[Prompt] With the pictures set aside, write out all of the data exactly as it stands.

[Information shown]

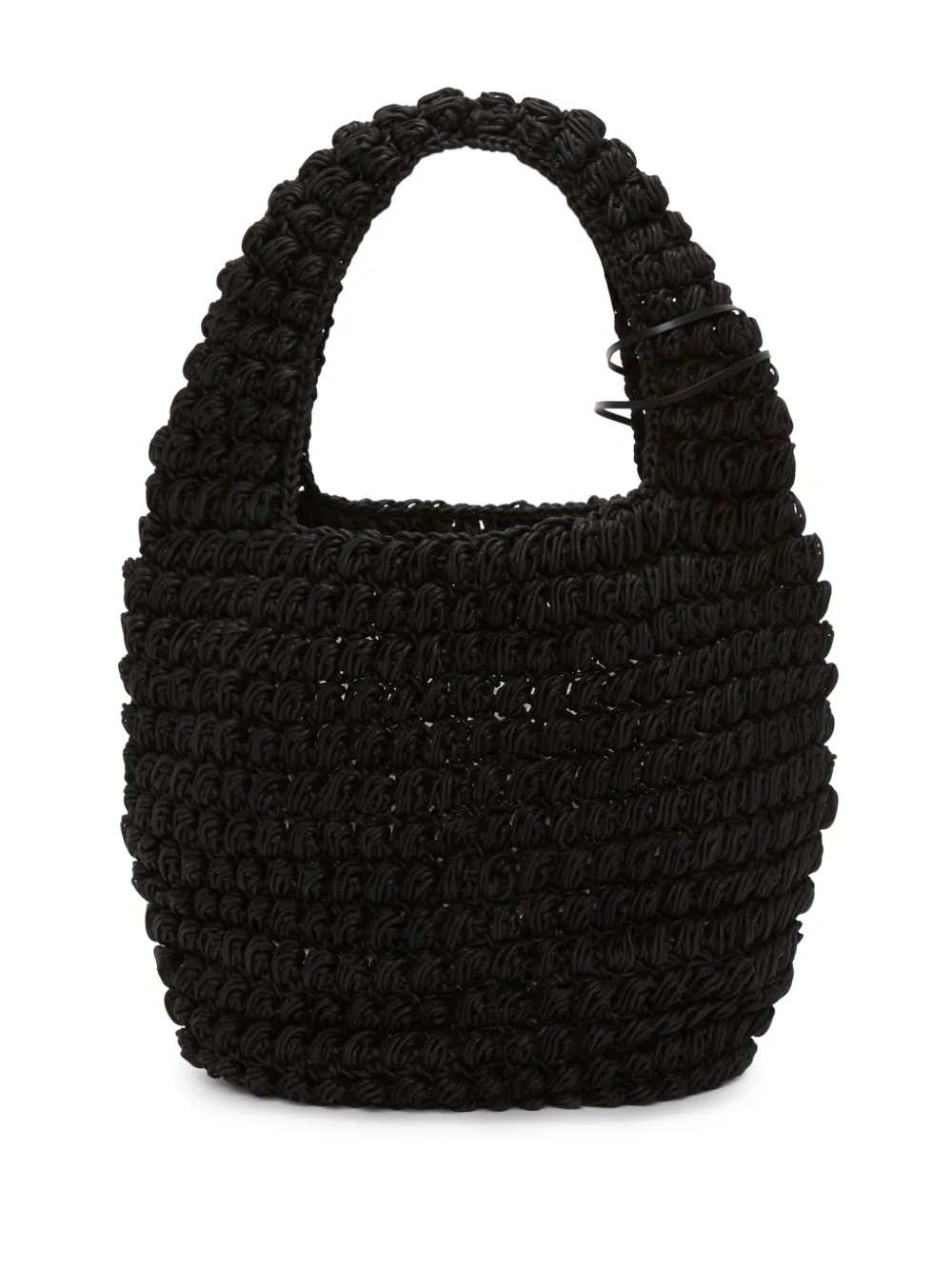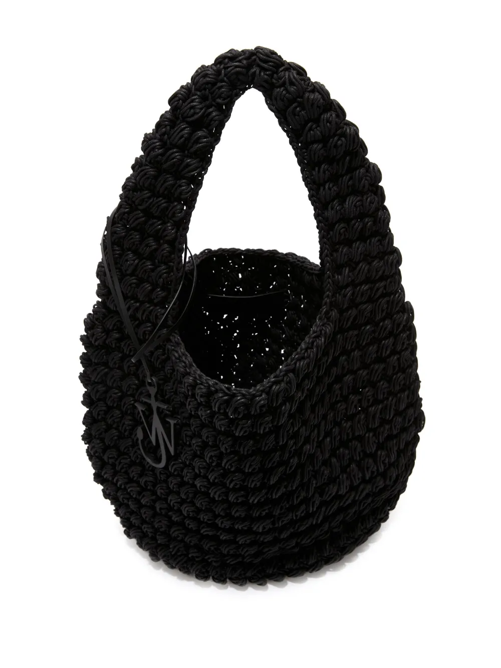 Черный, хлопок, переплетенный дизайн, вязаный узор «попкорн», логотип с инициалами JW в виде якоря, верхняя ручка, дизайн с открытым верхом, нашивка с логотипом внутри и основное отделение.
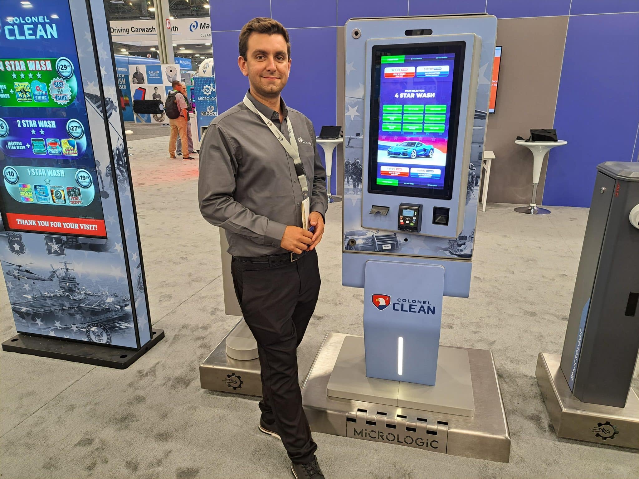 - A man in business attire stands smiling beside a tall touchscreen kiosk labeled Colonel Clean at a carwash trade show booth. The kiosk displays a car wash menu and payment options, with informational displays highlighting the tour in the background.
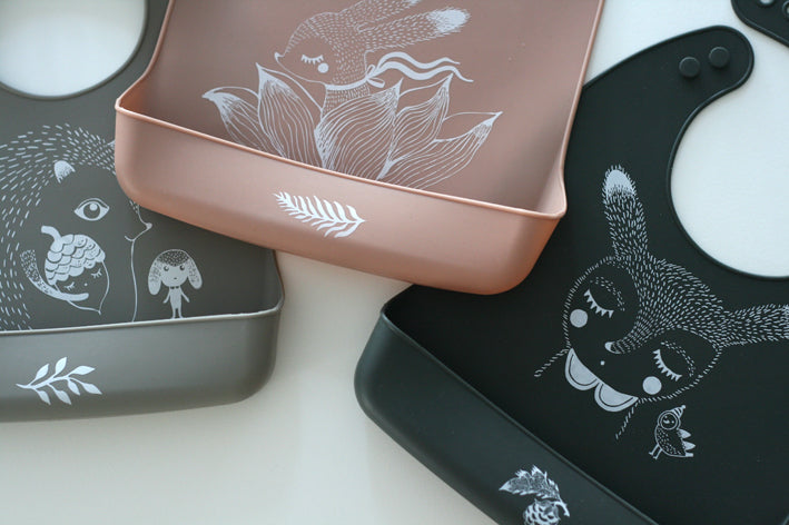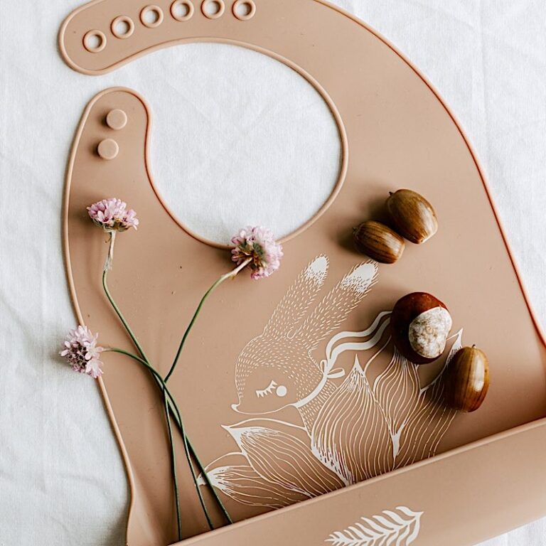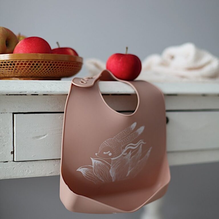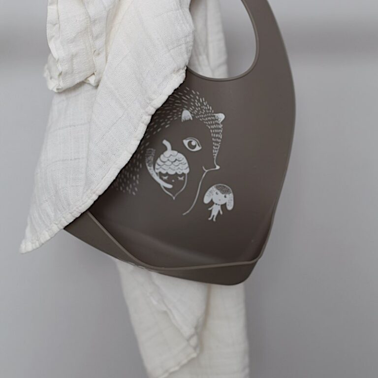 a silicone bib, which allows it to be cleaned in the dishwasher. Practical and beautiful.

[Result of the exercise]
 Черный, хлопок, переплетенный дизайн, вязаный узор «попкорн», логотип с инициалами JW в виде якоря, верхняя ручка, дизайн с открытым верхом, нашивка с логотипом внутри и основное отделение.
 - A man in business attire stands smiling beside a tall touchscreen kiosk labeled Colonel Clean at a carwash trade show booth. The kiosk displays a car wash menu and payment options, with informational displays highlighting the tour in the background.
 a silicone bib, which allows it to be cleaned in the dishwasher. Practical and beautiful.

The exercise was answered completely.